The "harness" is a category word. Inside the category, there are six identifiable pieces. Every modern coding agent harness — Claude Code, Cursor, Aider, Codex CLI, Cline, Continue — has all six. They differ on where the investment is heaviest. They never differ on whether a piece exists.

Memorize the six. The audit drill at the end of the lesson scores harnesses across exactly these six dimensions.

Piece 1 — Config

The static text the model sees on every turn. Two flavors:

  • Always-loaded: CLAUDE.md (Claude Code), AGENTS.md (Codex CLI), .cursorrules (Cursor), .continuerules (Continue). Project-level guardrails that get injected into every system prompt.
  • Loaded on demand: skill files (Claude Code's /skills directory), slash-command prompts, role-specific subagent system prompts.

The bigger your config-piece investment, the more your harness encodes opinions about how the model should behave. Production harnesses keep CLAUDE.md under 60 lines (HumanLayer's published number) and offload everything else to skill files.

Piece 2 — Tools

What the model can DO besides talk. Three sub-categories:

  • Built-in tools: filesystem (Read, Edit, Write), shell (Bash), web (WebFetch, WebSearch), agent-internal (TodoWrite).
  • MCP servers: out-of-process tool registries that bolt on (Linear, GitHub, Postgres, Slack). The Model Context Protocol spec.
  • Custom CLIs: a tiny shell command (e.g., linear-cli list-issues) that wraps an external API in fewer tokens than an MCP server would. HumanLayer explicitly recommends these over MCP for high-volume integrations.

Osmani's rule: "Ten focused tools outperform fifty overlapping ones, because the model can hold the menu in its head." Tool bloat is the most common harness sin.

Piece 3 — Bundled infrastructure

The execution environment the tools run inside:

  • A real filesystem (not just in-memory state).
  • A sandbox (Daytona, E2B, Modal, Vercel Sandbox, or a local Docker container) for risky shell.
  • A headless browser (Playwright, BrowserBase, Vercel agent-browser).
  • A database connection, a Redis cache, a long-running daemon for background tasks.

This is where the "agent" stops being "a chat that calls APIs" and becomes "a process with the same authority as a junior dev's laptop." If the model can rm -rf /, the harness is underinvested in infra-piece sandboxing.

Piece 4 — Orchestration

How the harness composes multiple model calls or multiple agents:

  • Subagents — a child agent with its own context window, its own tool subset, often a different system prompt. Claude Code's Task tool, Cursor's background agents.
  • Planner / executor splits — one agent writes the plan, another agent executes it step-by-step. Anthropic's eval patterns describe this as "evaluator-optimizer."
  • Routing — dispatch based on input type (code question vs deploy task vs research) to specialized subagents.

Single-agent harnesses skip this piece entirely. That's fine for chat. It is not fine for 40-step engineering tasks.

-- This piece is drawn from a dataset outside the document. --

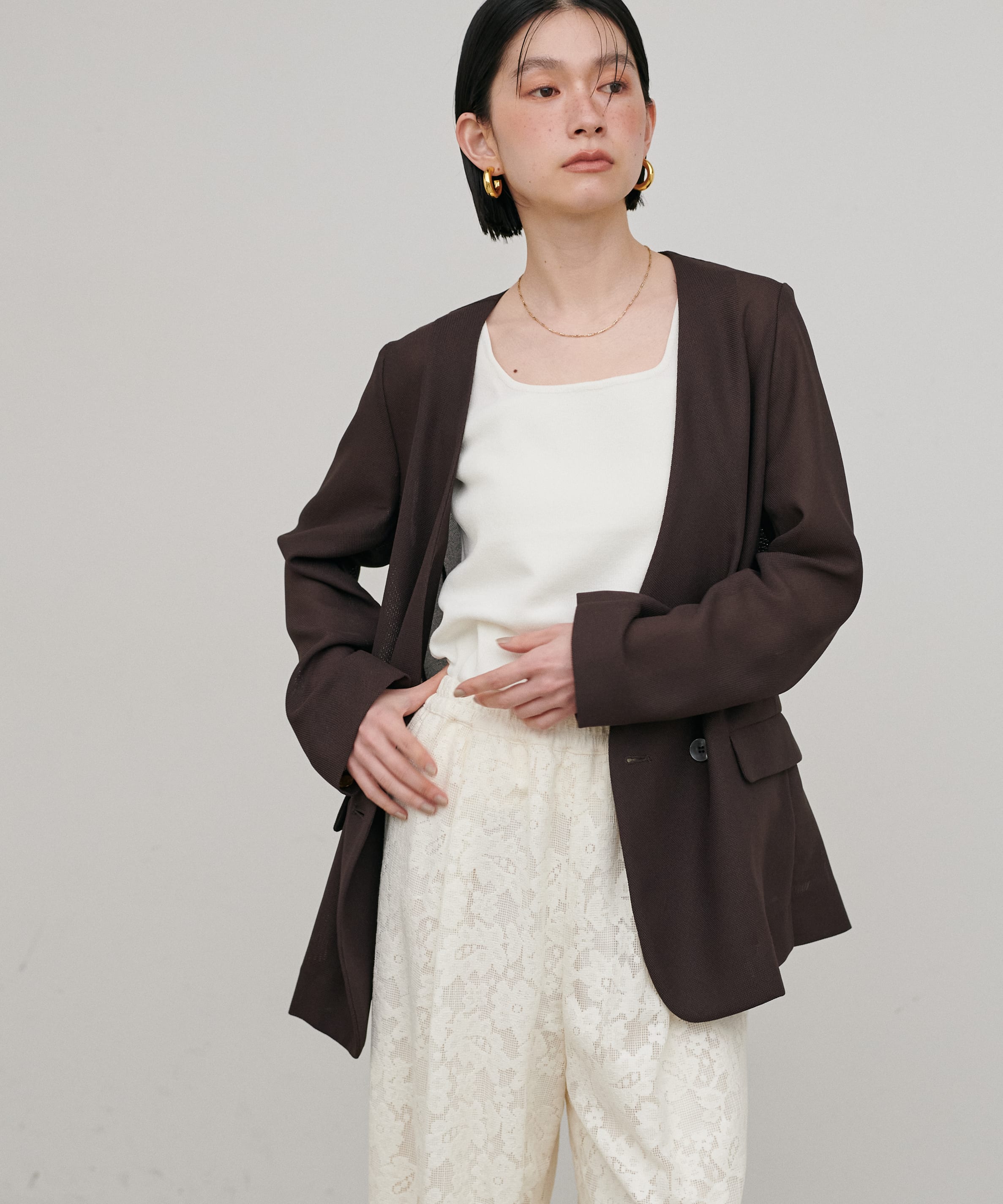• ノーカラーメッシュジャケット

Piece 5 — Hooks and middleware

Lifecycle scripts the harness runs around tool calls:

  • Pre-tool — block or modify a tool call before it runs. The "don't git push --force to main" guard.
  • Post-tool / post-edit — run a check after a write. The "run tsc and feed errors back into the loop" pattern (Claude Code calls these post-edit hooks).
  • Pre-commit — run linters and tests before the model is allowed to declare the task done.
  • Backpressure — feed errors from any of the above back into the next model turn so the model self-corrects.

Osmani's rule: "Success is silent, failures are verbose." Hooks should add nothing to context when they pass and everything they know when they fail.

Piece 6 — Observability

What lets you debug, evaluate, and improve the harness over time:

  • Traces — every model call, tool call, hook fire, with inputs and outputs.
  • Logs~/.claude/projects/*/logs/, Cursor's session history.
  • Cost & latency — per-task tokens, per-tool time, P99 latency.
  • Evals — replayable test cases the harness must keep passing. Terminal Bench, SWE-Bench, your own internal regression suite.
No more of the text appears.